* [Work task]:
Copy out precisely the lines of the material that follows, beginning with the line containing "PF1872#新款棉T蕾丝花边拼接修身洋气打底衫" and ending with its last line; exclude pictures.

* [The data]:

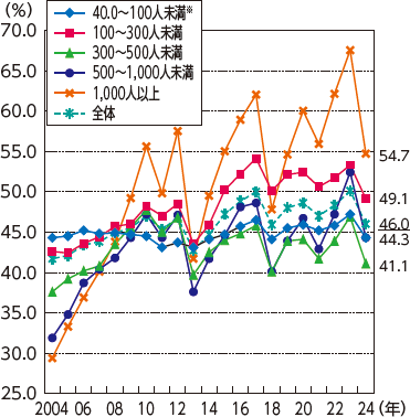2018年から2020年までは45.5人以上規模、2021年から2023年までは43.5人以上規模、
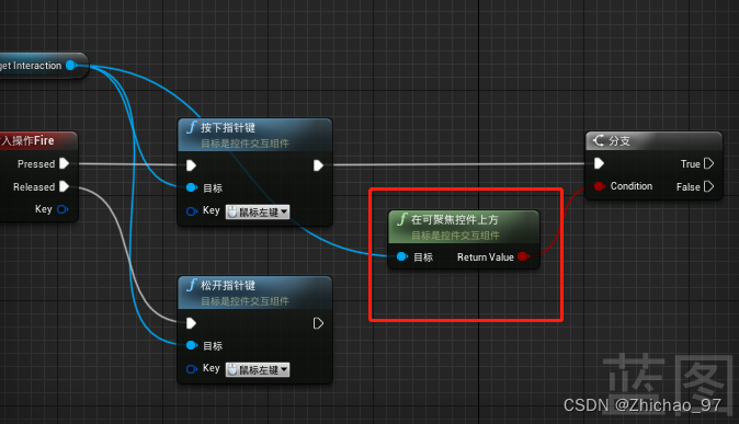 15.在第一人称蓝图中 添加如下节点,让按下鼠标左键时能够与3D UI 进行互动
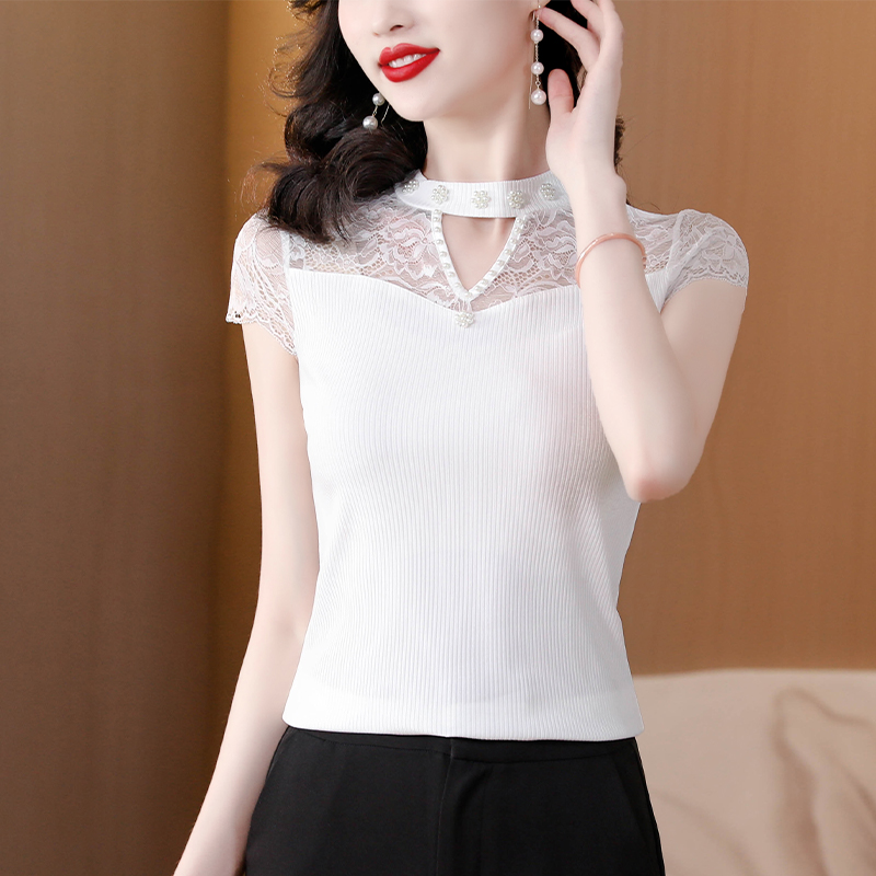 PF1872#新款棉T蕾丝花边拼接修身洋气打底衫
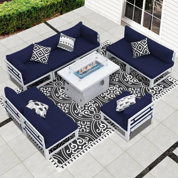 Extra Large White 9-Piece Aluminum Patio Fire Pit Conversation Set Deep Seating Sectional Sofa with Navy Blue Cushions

* [Your solution]:
 PF1872#新款棉T蕾丝花边拼接修身洋气打底衫
 Extra Large White 9-Piece Aluminum Patio Fire Pit Conversation Set Deep Seating Sectional Sofa with Navy Blue Cushions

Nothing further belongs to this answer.